Starting at the line containing "rior foi mantido" and ending at the line containing "孩子表演《火火的中国》。", transcribe the listing below exactly. Keep both end lines, skip the pictures, and copy nothing else.
▬▬▬
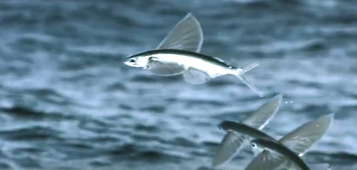
Fliegende Fische (Segler)
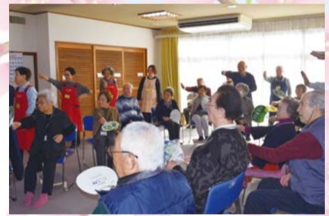
上作延ミニデイで、利用者さんたちとテントラちゃん体操をする民生委員児童委員

いこいの家に高齢者が集まり、みんなで体操をしたり、歌を歌ったり、お昼ご飯を食べたりします。季節を感じる催し物を行う他、お誕生日会なども行っています。場所によっては送迎サービスもあります。
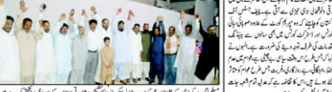
سیکس کراچی کی راجھا راجھا کے صدر نے پتھر پھینکا اور ہیرس کلب کے سربراہ کو ہیرس کلب سے نکال دیا۔

لیڈر شریقی کی ہتھیاری کیلئے برہمن گن کے اقدامات بروئے کار لائیں۔ برہمن گن کے اقدامات میں ہزاروں لوگوں نے شرکت کی۔
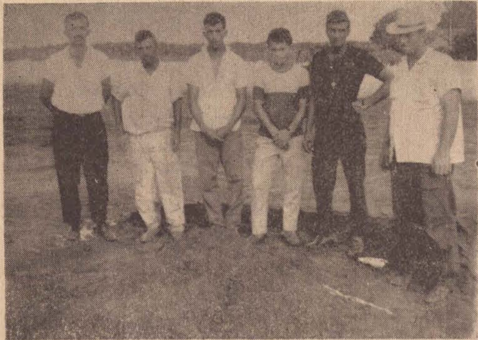
No cemitério de Alvares Machado as cenas verificadas foram de profunda tristeza e emoção. A pobre menina, cujo cadáver já estava em adiantado estado de decomposição foi enterrado numa sepultura simples. Morreu como vivêra: singelamente. Na fotografia o pai ao segundo da esquerda para a direita) e o irmão (o quarto na mesma direção)
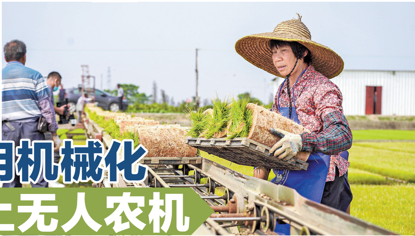
工人正在生产线上铺秧盘
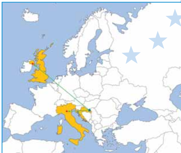
MREŽA PARTNERA ALD SISAK NETWORK OF LDA SISAK PARTNERS
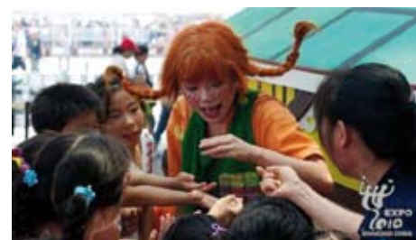
Pipi Dlouhá punčocha ve švédském pavilonu

Ve švédském pavilonu na EXPO 2010 se 4. srpna sešli čínští a švédští autoři dětské literatury a hovořili zde o tvorbě Astrid Lindgrenové, autorky knihy „Pipi Dlouhá punčocha“, a o současné dětské literatuře ve Švédsku a Číně. Pavilon hostil také oslavu dne Pipi, která se skládala ze semináře nazvaného „Po stopách Astrid Lindgrenové: Současná dětská literatura ve Švédsku a Číně“ a z rodinného muzikálu „Pipi Dlouhá punčocha“. Příběhy Pipi byly publikovány již ve více než 60 světových jazycích.
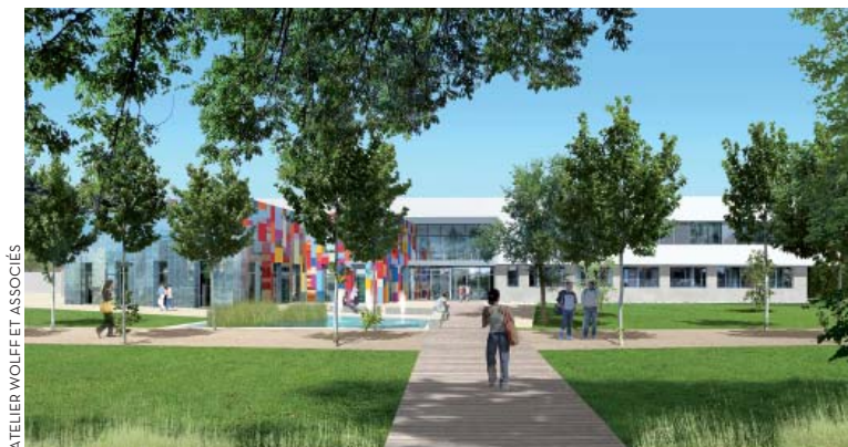
ATELIER WOLFF ET ASSOCIÉS

En mai, le chantier de la maison de la culture et de la citoyenneté va débuter. Au bord de la Reyssouze, le long de l'allée de Challes, un bâtiment aux lignes contemporaines de 3 000 m 2 sortira de terre d'ici l'été 2019. Il accueillera l'AGLCA (maison de la vie associative), la maison des jeunes et de la culture, des associations hébergées en bureaux partagés et un espace coworking . Ce nouvel équipement, qui bénéficiera de deux entrées, l'une côté allée de Challes, l'autre côté Champ de Foire, va redessiner ce secteur du Champ de Foire. Coût des travaux : 5,9 M€ H.T.
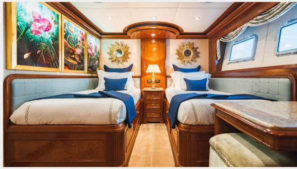
Twin Guest Stateroom
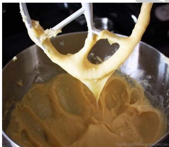
3. ábra. A forrázott tészta bekeverése2

A tésztakészítéskor az alap- és járulékos anyagok előkészítésén kívül fontos feladat az eszközök és gépek előkészítése. A jól előkészített eszközök és gépek nagyban megkönnyítik a munkánkat. Az egyik legfontosabb feladat a sütő hőmérsékletének és páratartalmának beállítása. Nagyobb mennyiségű tészta készítésekor használjunk keverőgépet a megfelelő keverőrész (habverő vagy krémkeverő) kiválasztásával.
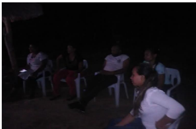
Escuchando a los mayores en San Andrés de Sotavento
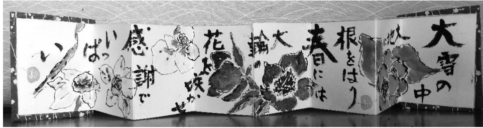
(牛乳パックの側面を2枚横に貼り合わせ、屏風仕立てに描いた作品です)
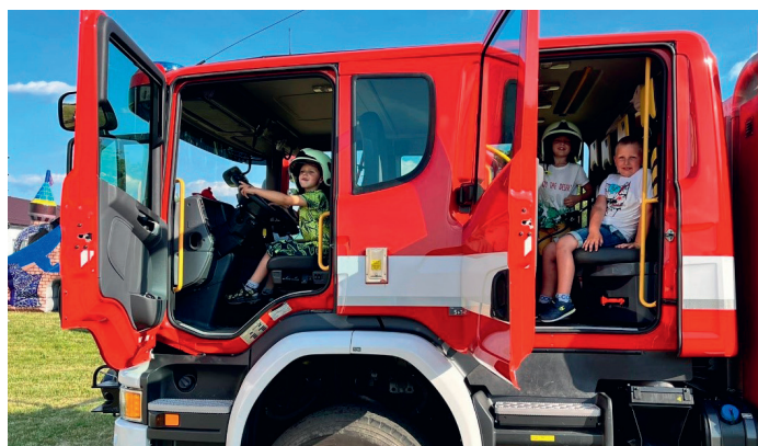
Dětský den na Páleníci
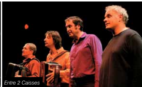
Entre 2 Caisses
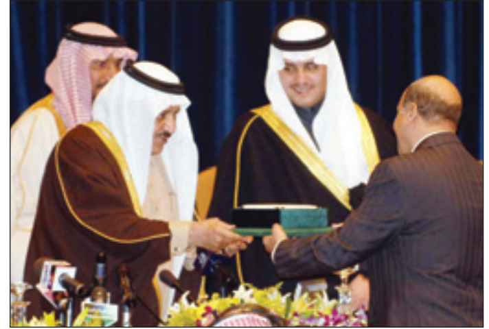
سمو النائب الثاني يحرم أحد الفائزين
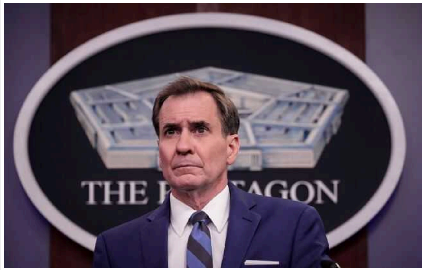
У США відреагували на заклик Зеленського зняти обмеження на удари по РФ

Сполучені Штати Америки продовжать вести переговори з Україною щодо зняття обмежень на далекобійні удари по Росії. Діалог проходитиме в непублічному форматі.
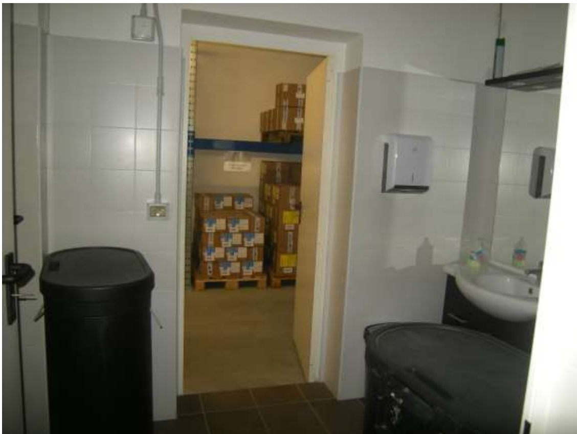
Concordia Sagittaria, foglio 5 particella 930, sub. 6, piano terra - I locali wc e l'anti bagno.
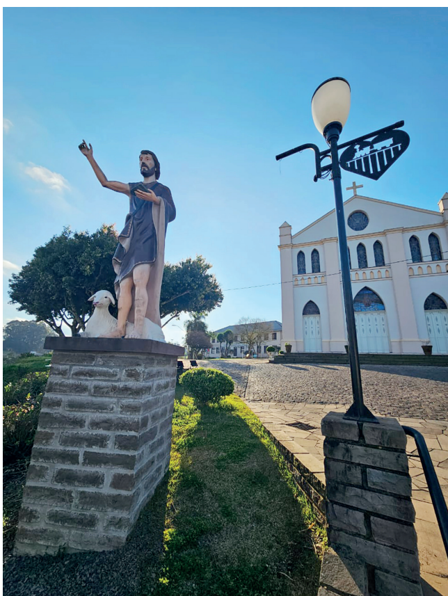
Em frente à Igreja, São João Batista abençoa a cidade

rior foi mantido com as belíssimas pinturas em todo o teto e nas paredes que são uma releitura da narrativa visual da obra perdida de Angelo Fontanive de 1927. A Igreja Matriz de São João Batista de estilo neoclássico, é uma construção imponente e histórica.
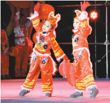
孩子表演《火火的中国》。
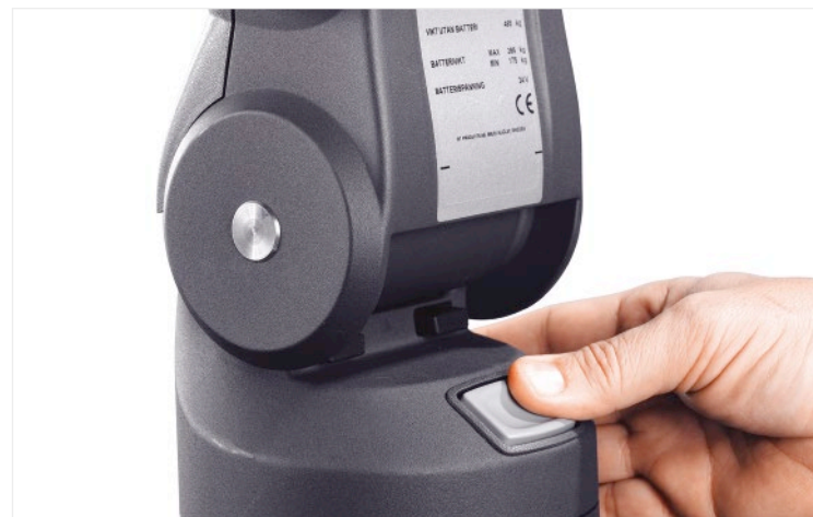
Die Deichsel ist auf Knopfdruck höhenverstellbar
▬▬▬
▸ Exercise answer:
rior foi mantido com as belíssimas pinturas em todo o teto e nas paredes que são uma releitura da narrativa visual da obra perdida de Angelo Fontanive de 1927. A Igreja Matriz de São João Batista de estilo neoclássico, é uma construção imponente e histórica.
孩子表演《火火的中国》。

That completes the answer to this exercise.